Jane Wiswell Pegel (June 28, 1933 – June 6, 2026) was an American sailor, on water and on ice, who was elected into the United States' National Sailing Hall of Fame in 2021.

==Sailing history==
Pegel grew up on Williams Bay in Wisconsin and graduated from Williams Bay High School in 1961. She learned ice boat racing in a Skeeter and in her first race in 1948, she recalled being first to the wind mark, but then not being able to finish because she did not know how to sail downwind. In 1957, she changed to the International DN ice boat. In 1960, she became the first woman to win the annual International DN championship and she won her first North American championship in the class; she won again in 1963. While Pegel sometimes skis, during a 1965 interview published in Sports Illustrated, she noted
...one day of iceboating and you're ready to burn your skis
— Jane Pegel

In the summer, Pegel races in the M-16 Scow class at the Lake Geneva Yacht Club where she has also been involved in the junior program as an instructor and as President of the board of directors. In 1957 and again in 1964, Pegel won the Mrs. Charles Francis Adams Trophy, the United States' Women's Sailing Championship. She won the United States' Women's Singlehanded championship, the Allegra Knapp Mertz trophy, in 1974 and was named US Sailor of the Year three times (1964, 1971, 1972). She also raced, and won championships, in the X Class, C Scow, M Scow and DN Ice boat classes.
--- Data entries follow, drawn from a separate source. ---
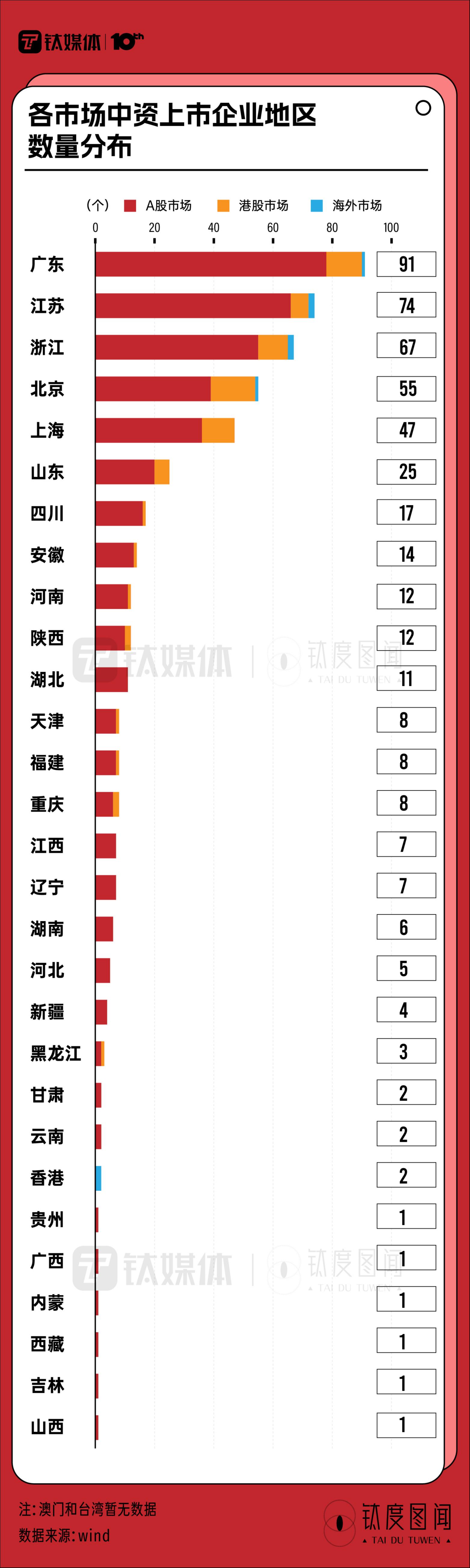 在A股市场中,来自广东的上市中资企业数量最多,达78家;在港股市场中,来自北京的上市中资企业数量最多,达15家;在海外市场的中资上市企业来自6个地区,数量差距不大。
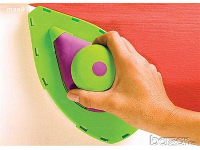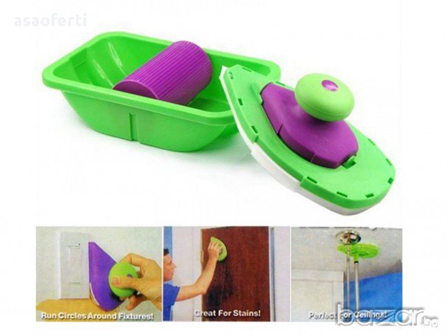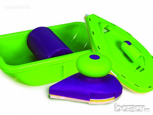 бояджия. Комплектът е съставен от 2 "валяка" - дунапренени четки с форма на ютия, които много удобно боядисват постранството до ъгъл без помощта на тиксо и помощни материали. ПРОСТО ОТСИЧАТ без да внимавате, без опастност от теч, подливане или изцапване на тавана. Двете "четки" поемат нужното количество боя от специално констроираната роторна ваничка, която разпределя перфектно съдържанието и количеството боя по четката. Голямата "четка" има чупещо във всички посоки рамо за завиване на удължител (не включен в комплекта).
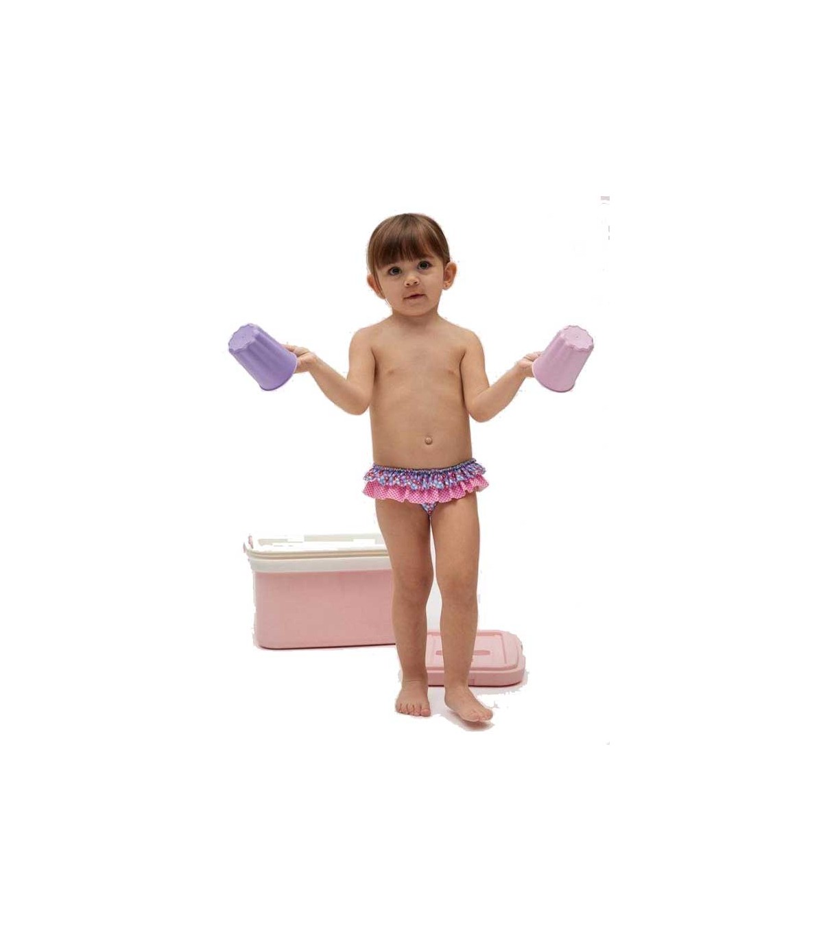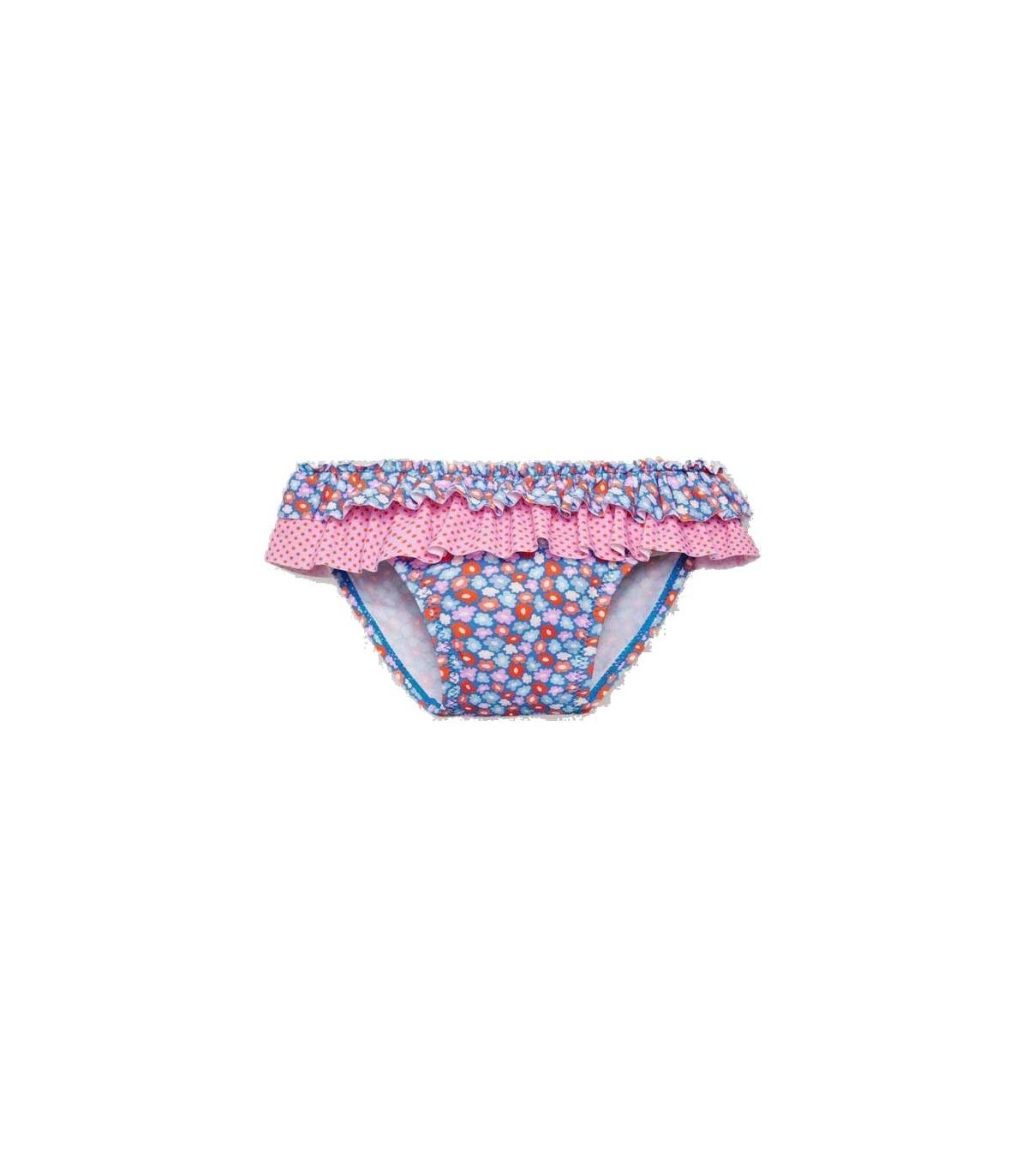 Culetín para bebé con volantes y pequeñas flores. Perfecto para la playa o la piscina.
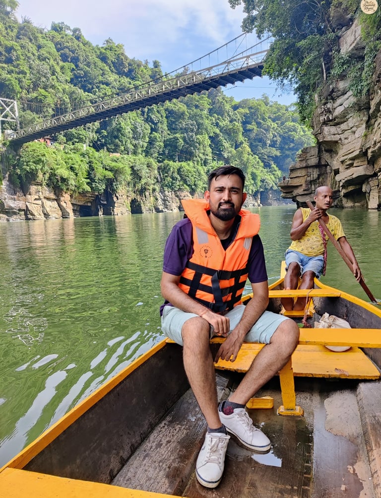 To truly enjoy this wonder, head to the union-run boat club near the BSF post, rather than taking random boats on the roadside. The boat ride here is serene and beautiful. You’ll glide across emerald waters, pass under a hanging bridge, and reach a soft sandy patch where you can step off, splash around, or just sit by the river.
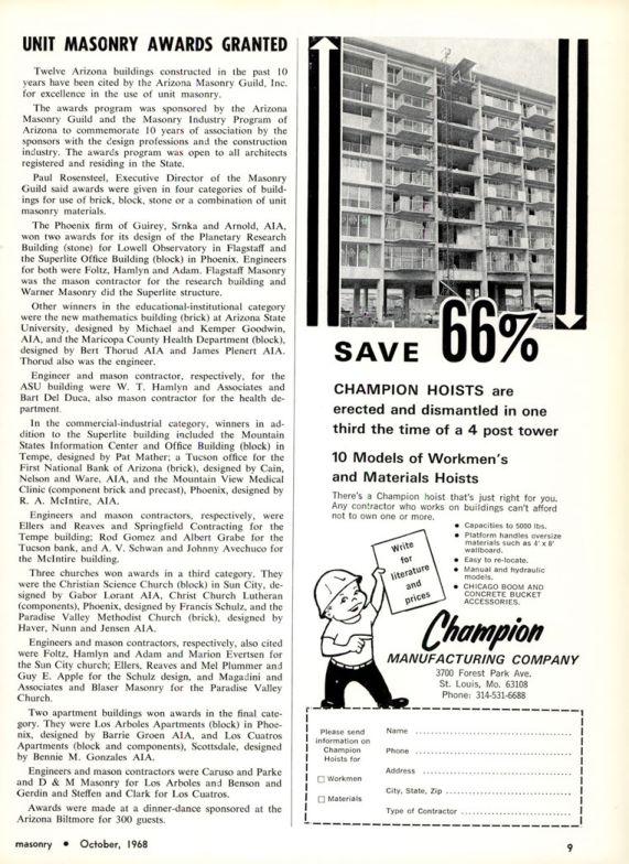 The Phoenix firm of Guirey, Srnka and Arnold, AIA, won two awards for its design of the Planetary Research Building (stone) for Lowell Observatory in Flagstaff and the Superlite Office Building (block) in Phoenix. Engineers for both were Foltz, Hamlyn and Adam. Flagstaff Masonry was the mason contractor for the research building and Warner Masonry did the Superlite structure.
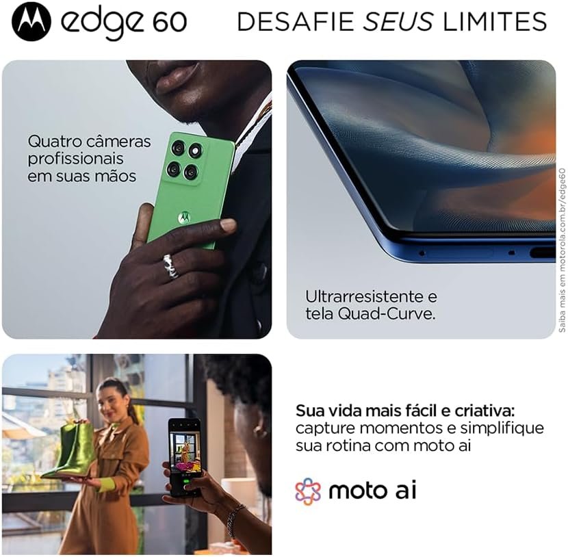 Você sabe a melhor maneira de se expressar. Conecte sua personalidade com o motorola edge 60. Tenha nas mãos um design projetado com precisão, em linhas curvas de visual arrojado e marcante. Tire fotos icônicas com quatro câmeras profissionais: principal, ultra-wide e frontal de 50 MP cada, e até uma lente teleobjetiva dedicada de 3x. Além disso, a moto ai simplifica a sua rotina e torna a sua vida mais criativa, ajudando a tirar fotos lindas e organizando suas notificações para deixar o dia a dia mais fácil e intuitivo. Ande por aí com um telefone resistente a quedas1, 2, temperaturas extremas2 e água3 sem perder a sofisticação. Veja a diferença na tela Super HD (1220p) de 6,7″, a mais brilhante da categoria⁵. Carregue a bateria para o dia inteiro em apenas 8 minutos4 com o TurboPower™ 68. E leve a vida no seu ritmo com o desempenho fluido, sem travamentos. Chegou o novo motorola edge 60. Desafie seus limites. O Smartphone Motorola Edge 60 5G é a escolha perfeita para quem busca desempenho e inovação em um único dispositivo. Com uma impressionante capacidade de armazenamento de 512 GB e 24 GB de RAM (12 GB + 12 GB de Ram Boost), você terá espaço de sobra para todos os seus aplicativos, fotos e vídeos. Seu processador Dimensity 7300, com velocidade de 2,5 GHz, garante uma experiência fluida, seja para jogos ou multitarefas. A tela Quad-Curve de 6,7 polegadas com tecnologia HDR10+ pOLED oferece cores vibrantes e uma resolução de 1220×2712, ideal para assistir a filmes e jogar. A taxa de atualização de 120 Hz proporciona uma navegação suave, enquanto a proteção IP68 e IP69 assegura que o dispositivo resista a água e poeira, tornando-o perfeito para aventuras ao ar livre. Capture momentos incríveis com a câmera traseira de 50 MP, que conta com estabilização inteligente e recursos como Night Vision e Adobe Scanner. A câmera frontal também possui 50 MP, permitindo selfies de alta qualidade. Com uma bateria de 5200 mAh e suporte para carregamento rápido, você pode ficar conectado por mais tempo sem se preocupar com a carga. O Motorola Edge 60 5G é um smartphone robusto e elegante. Com recursos como reconhecimento facial, leitor de impressão digital e conectividade 5G, ele atende às necessidades dos usuários mais exigentes. Experimente a combinação perfeita de tecnologia e design com o Motorola Edge 60.
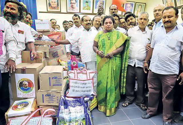 முன்னதாக தமிழக பா.ஜ.க. வில் உள்ள கூட்டுறவுத்துறை, திருவள்ளூர் கிழக்கு, சேப்பாக்கம்-திருவல்லிக்கேணி, மயிலாப்பூர், வேளச்சேரி, ஆயிரம்விளக்கு, சைதாப்பேட்டை, தியாகராயநகர், மாதவரம் உள்ளிட்ட மாவட்டங்கள்- மண்டலங்கள் சார்பில் நிதியாகவும், அரிசி, பிஸ்கெட், குடிநீர், மருந்துகள், நைட்டி உள்பட உடைகள் உள்ளிட்ட சேகரிக் கப்பட்ட நிவாரண பொருட் கள் தமிழிசை சவுந்தரராஜனிடம் வழங்கப்பட்டது.
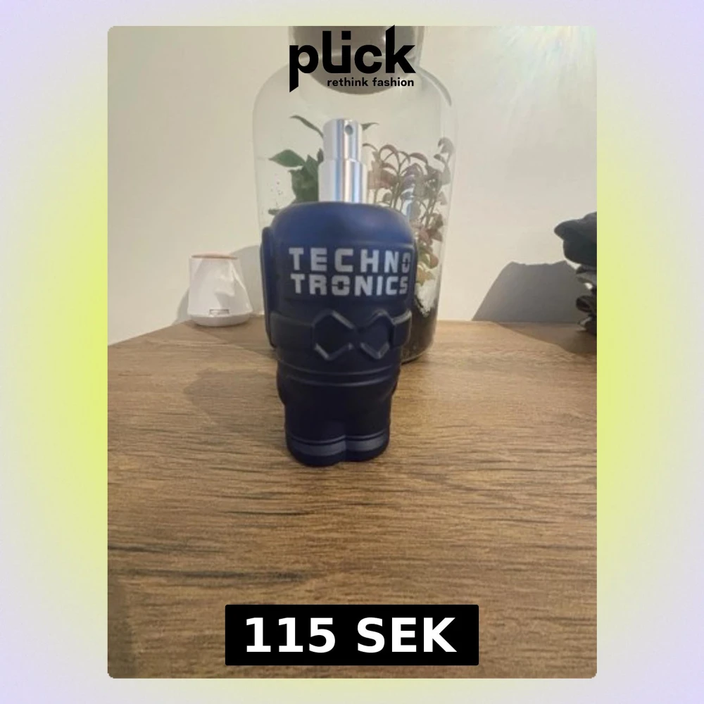 Cool parfymflaska från Technotronics i matt mörkblå plast med futuristisk design och silverfärgad spraytopp. Flaskan har ett unikt, nästan robotliknande utseende och tydlig logga framtill. Perfekt för dig som gillar modern och edgy stil.

==Personal life and death==
Pegel's husband, Bob Pegel, was also a sailor and they raced together in the E Scow class, splitting the skippering duties between the upwind and downwind legs. They ran a shop where they restored vintage ice boats so they were ready to be sailed. She graduated from the University of Wisconsin–Madison in 1955.

Pegel died in Lake Geneva, Wisconsin, on June 6, 2026, at the age of 92.

==Awards==
In 2008, Pegel was elected to the Inland Lake Yachting Association Hall of Fame. Pegel was elected into the United States' National Sailing Hall of Fame in 2021.